Friday, January 05, 2007

"The Artist in His Studio" by Alexander Liberman

I've resently become aware of this book - guess it's one of these things when someone tells you about it and then someone else does straight afterwards, and a few days later you read about (the satoralist for example)... Feels a little bit odd that I didn't know it before, but I definately feel intrigued by what I've heard and seen! Seems to be randomenly out-of-print, but I will look out for it on my little trips to antiquarians or maybe the Strand Bookshop in NYC...

Alexander Liberman worked as Editorial Director at Conde Nast for over 30 years, thereby influencing the direction and creation of many of the magazines we have today. Parallell to this he was also a painter, sculpter, photographer and writer, being especially successful as a sculpter with work represented at the Museum of Modern Art in New York for example.
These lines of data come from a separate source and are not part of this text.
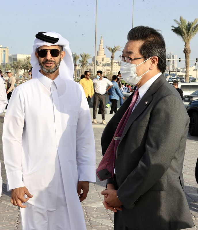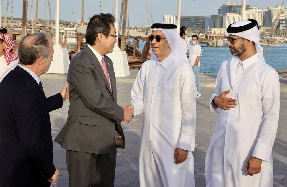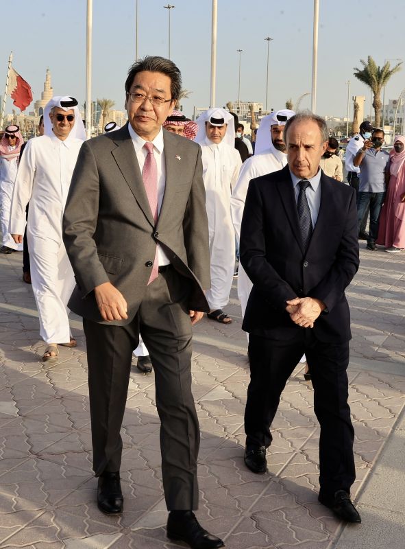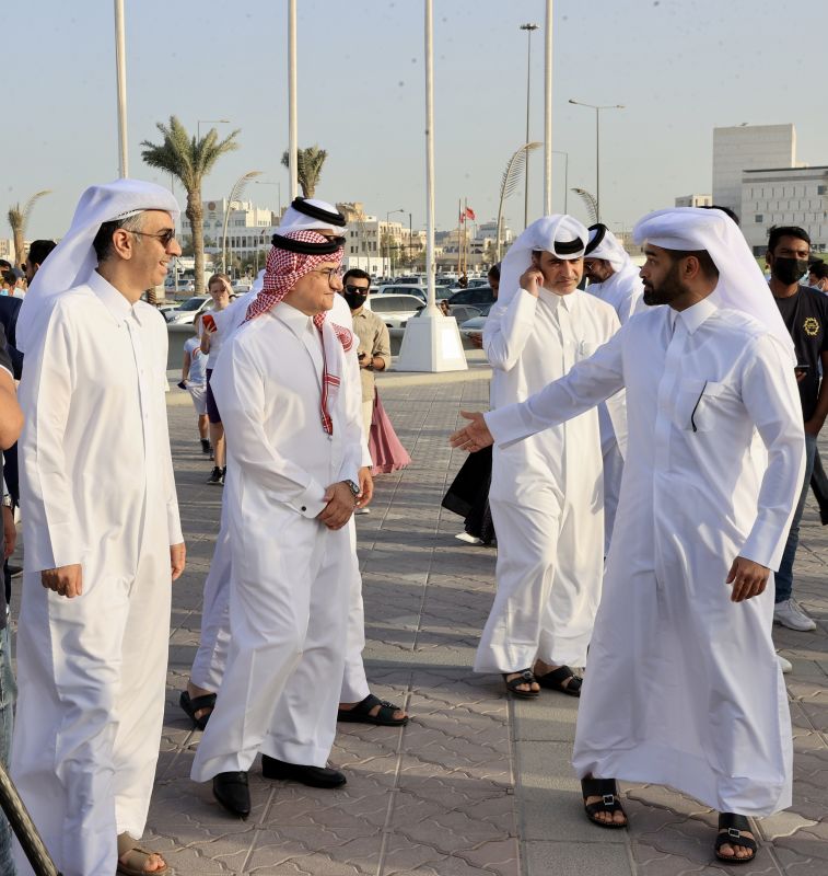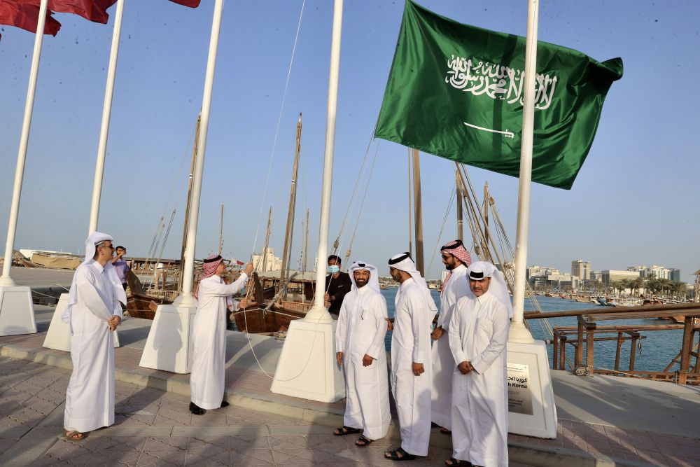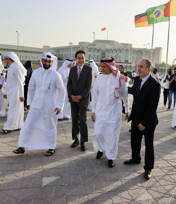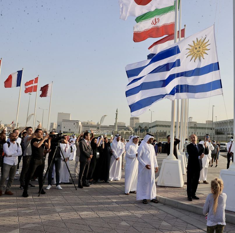 ورفعت أعلام دول السعودية واليابان وأوروغواي والإكوادور في فعالية نظمتها اللجنة العليا للمشاريع والإرث بكورنيش الدوحة وسط أجواء احتفالية.
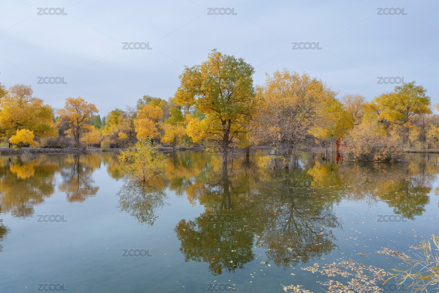 中国甘肃酒泉金塔金黄色胡杨林水面光影
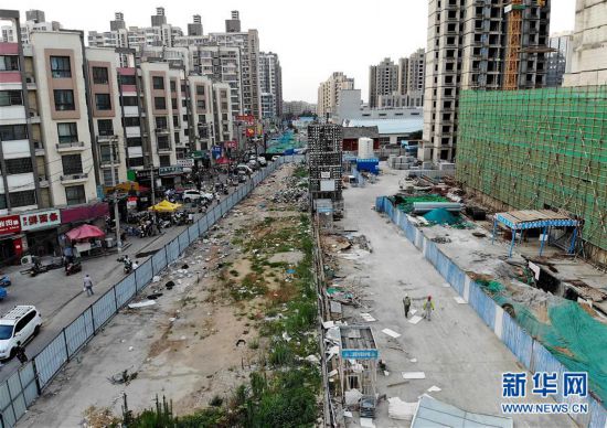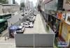 在鄭州市二七路上,圍擋占據(jù)了大部分人行道,行人與電動(dòng)車、機(jī)動(dòng)車混行一處,并不時(shí)有電動(dòng)車逆向行駛(7月10日攝)。 新華社記者 李安 攝 -

I thought this gave you a good insight.

Editors Review of "The Artist in His Studio" from

"Displaying an artist's sensitivity, an editor's skill, and a camera's perceptive eye, Liberman's 1960 classic, The Artist in His Studio , presented a singular image of the great artists working in France during the 20th century. Twenty-eight years later, he offers a revised and expanded edition, strengthening his contribution to the world of art by adding material to some sections and enlarging the number of artists. Liberman's empathy and erudition, enhanced by fine reproduction quality, is exemplified by his intimate conversations with many of the artists, sensitive shots of the surroundings in which they created, and keen understanding of the creative process. Matisse's hand, a pensive Giacometti, the meticulous line of tools laid out by Braqueall are photographic witness to an intimacy pierced by the author's vision.
Paula Frosch, Metropolitan Museum Lib."